Bürgermeister Hans Prechtl brachte sein Fachwissen, seine Um- und Weitsicht, seinen unermüdlichen Fleiß, sein Verantwortungsbewusstsein und sein persönliches Engagement für diese positive Entwicklung ein. Unter den neun Persönlichkeiten des Landkreises Schwandorf war Hans Prechtl der jüngste Ausgezeichnete. Thomas Rohrwild dankte dem Geehrten im Namen der Gemeinde Stulln, des Gemeinderats, als Zweiter Bürgermeister und persönlich für das Geleistete. Als Zeichen der Anerkennung überreichte Thomas Rohrwild einen edlen Tropfen.

Abweichungen genehmigt

Die Bauvorhaben liegen im Geltungsbereich des qualifizierten Bebauungsplanes "Herzendamm II", aber aufgrund der Abweichungen von den Festsetzungen ist eine Vorlage notwendig, erklärte Bürgermeister Hans Prechtl. Die beantragten Befreiungen waren begründet und das Gremium erteilte jeweils das einhellige Votum.

Es gab einen Bauantrag von Julia und Johannes Heinrich auf Neubau eines Einfamilienwohnhauses mit Garage und Carport am Lindenweg, sowie einen Bauantrag von Bernhard und Martina Krieglstein auf Errichtung eines Wohnhauses mit Garage, ebenfalls am Lindenweg. Die Abweichungen von den Festsetzungen sind größtenteils durch die standardisierten Vorgaben des Baumusters des geplanten Fertighauses bedingt. Zuguterletzt lag auch ein Bauantrag von Carola und Thomas Bauer auf Neubau eines Nebengebäudes vor, auch das am Lindenweg. Der höhere Platzbedarf ist wegen der drei Kinder erforderlich. Auch mit den Abweichungen von bauordnungsrechtlichen Vorschriften besteht Einverständnis.

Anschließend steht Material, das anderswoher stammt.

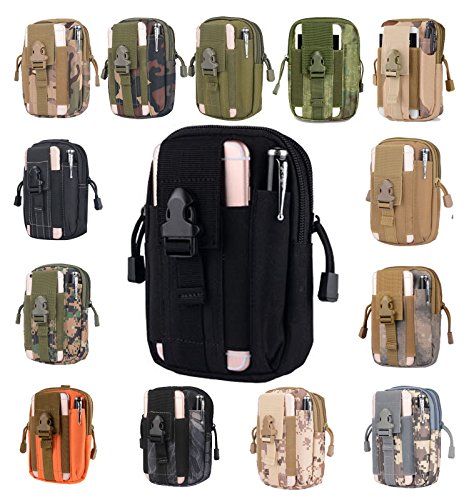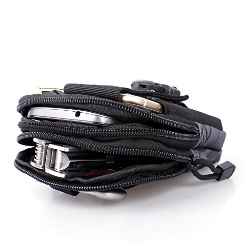 -. Feature : MULTI PURPOSE: The tactical waist pack is more-in-one pouch. Small bag is with large capacity. It is very easy to put goods in and take out. Perfect for storing cell phone, keychain, GPS device, digital cameras, medical supplies, small tools, and everything else you need readily accessible. Two zippered compartments, exterior phone pocket fits iPhone 6S/6+ with buckle closeure,exterior pen sheath / WATER-RESISTANT: The tool pouch is of strong water proofing property to ensure its long-term use in a humid environment, or that the product does not decay after flooding. / WEAR-RESISTING: The tactical pouch is constructed of high- quality 600D Nylon, and anti-scraped and wear-resisting, not easy to fade. All stitching and webbing is made of nylon materials of best quality, double plus bar umbrella hove chain head. It is really durable. / EASY TO USE: The surface of the Utility Gadget Pouch is not easy to stick dust, stains, easy to take care. / SELECTED AND 100% FREE TRIAL: One CUTE Aluminum super bright mini keychain flashlight with Carabiner as a USEFUL free plus used in many circumstances. NOW it is for PROMOTION. Order now and if you dislike within 90 days, we will buy back from you, 100% RISK FREE!
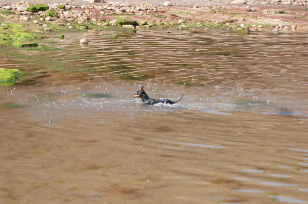 But Our proud natives live in Devon. And they learn to enjoy the splashing if the water isn’t too cold or too rough. It helps if they see other dogs having fun, and if there is a reason to dive in – like a ball or another dog to chase – or a dead crab to discover. The more they try it the more they like it and the older they get the more they relax and trust that they might not melt on contact.
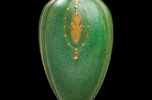 Le piédouche, orné de motifs stylisés dorés, ancre l’objet dans le vocabulaire décoratif de la fin-de-siècle, oscillant entre naturalisme raffiné et ornement symboliste. Objet d’art et témoin d’un âge d’or du verre français, ce vase incarne la sensibilité du vivant propre à l’Art Nouveau, où la nature est interprétée avec lyrisme et maîtrise technique.
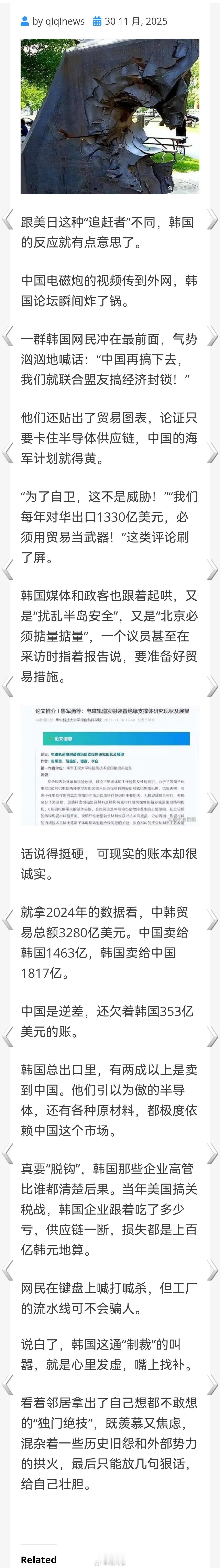 外网看电磁炮,韩国人:如果中国敢搞电磁炮,我们就制裁你们!中国驻日本大使发声海外新鲜事何天恩
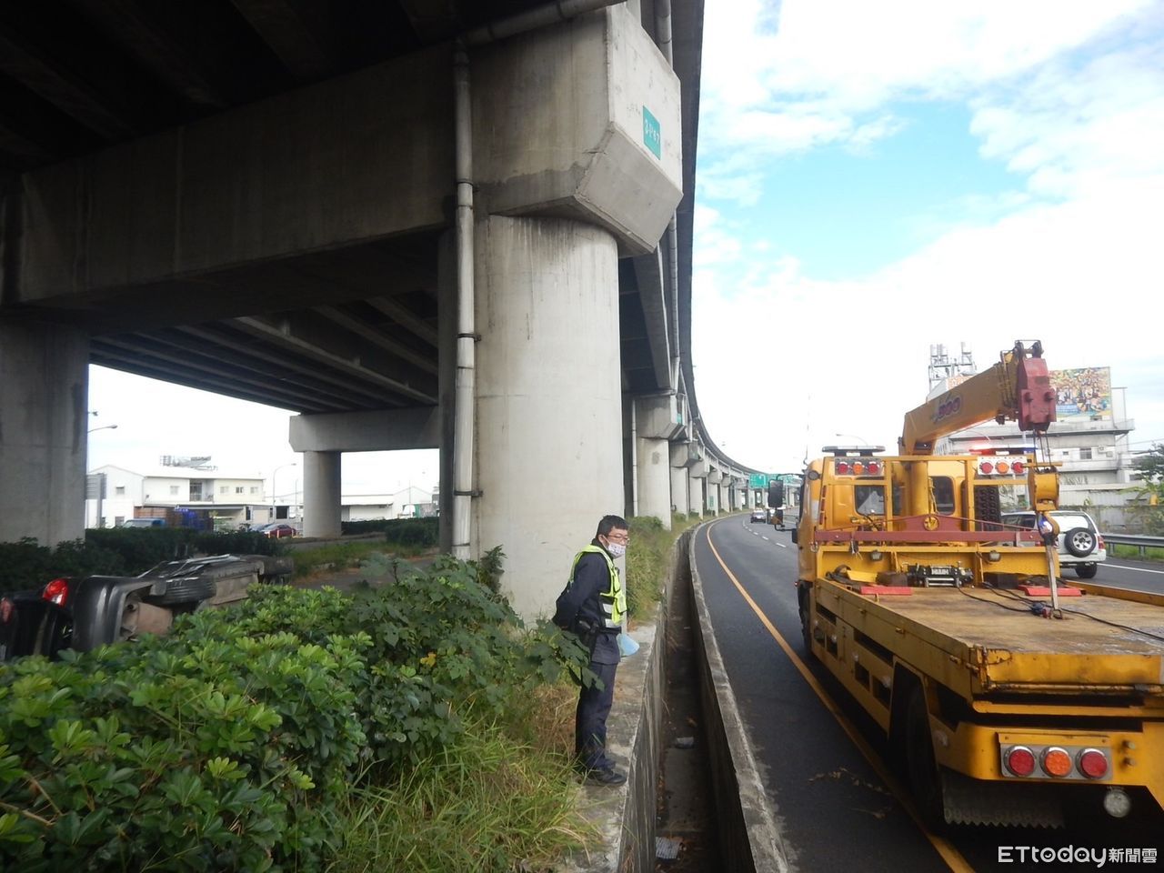 霧峰警分局證實由iPhone手機向消防通報,警方則是接獲119轉報,並有路人主動報案。經查駕駛為34歲越南籍阮男,車上搭載4名乘客,沿國道3號匝道發生自撞翻覆意外,駕駛並無酒駕,詳細肇事原因待釐清。
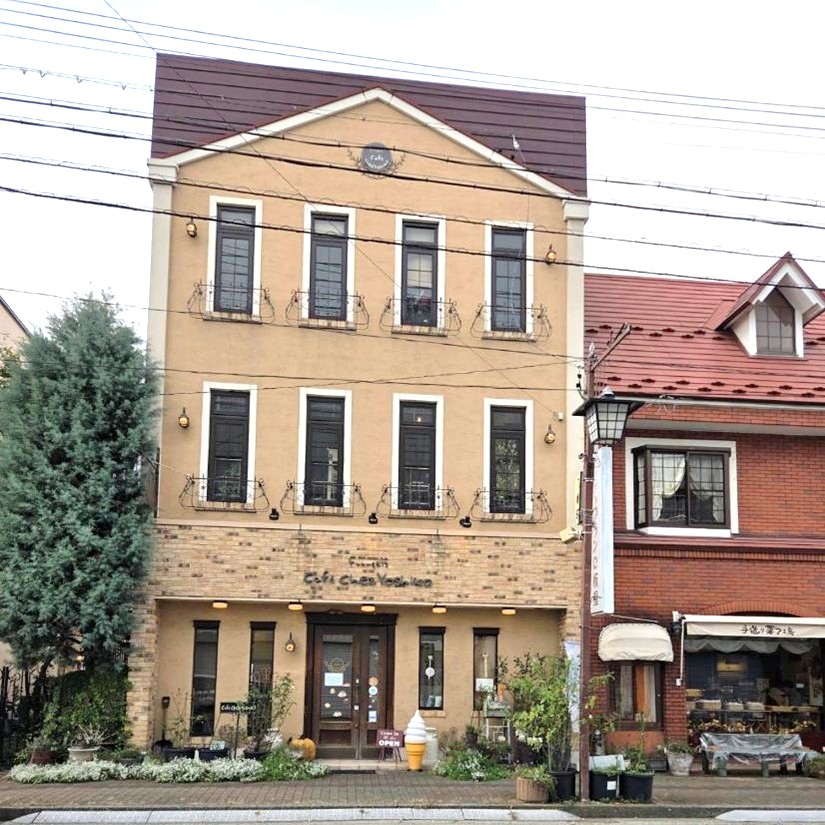 隣接する”カフェ シェ ヨシコ”にてフランセ板屋の美味しいスイーツをお召し上がりください。

Das Bauvorhaben von Robert Gresser auf Ausbau des bestehenden und Ober- und Dachgeschosses sowie zu einer Wohnung mit Anbau eines Treppenhauses in Säulnhof hält sich an den Rahmen der vorhandenen Bebauung und fügt sich in die Eigenart der näheren Umgebung ein. Die Unterschriften benachbarter Grundstückseigentümer sind auf den Planungsunterlagen vollständig vorhanden. Als persönlich Beteiligter nahm Martin Eules an Beratung und Abstimmung nicht teil.

Renovierung vergeben

Nach der Besichtigung des Leichenhauses durch den Gemeinderat im September holte die Verwaltung Angebote für die Erneuerung zweier Fenster an der Südseite ein. Als günstigster Bieter erhielt die Firma Koller aus Stulln zum Preis von 1997 Euro brutto den Zuschlag, gab Bürgermeister Hans Prechtl als Beschluss aus der nicht öffentlichen Sitzung bekannt.

Unter Punkt "Verschiedenes" sprach Josef Nachtmann die Digitalisierung von Gemeinderatssitzungen an. Bürgermeister Hans Prechtl sagte als Einstieg den Versand der beiden neuen Friedhofssatzungen sowie der Straßenausbaubeitragssatzung als PDF-Datei zu.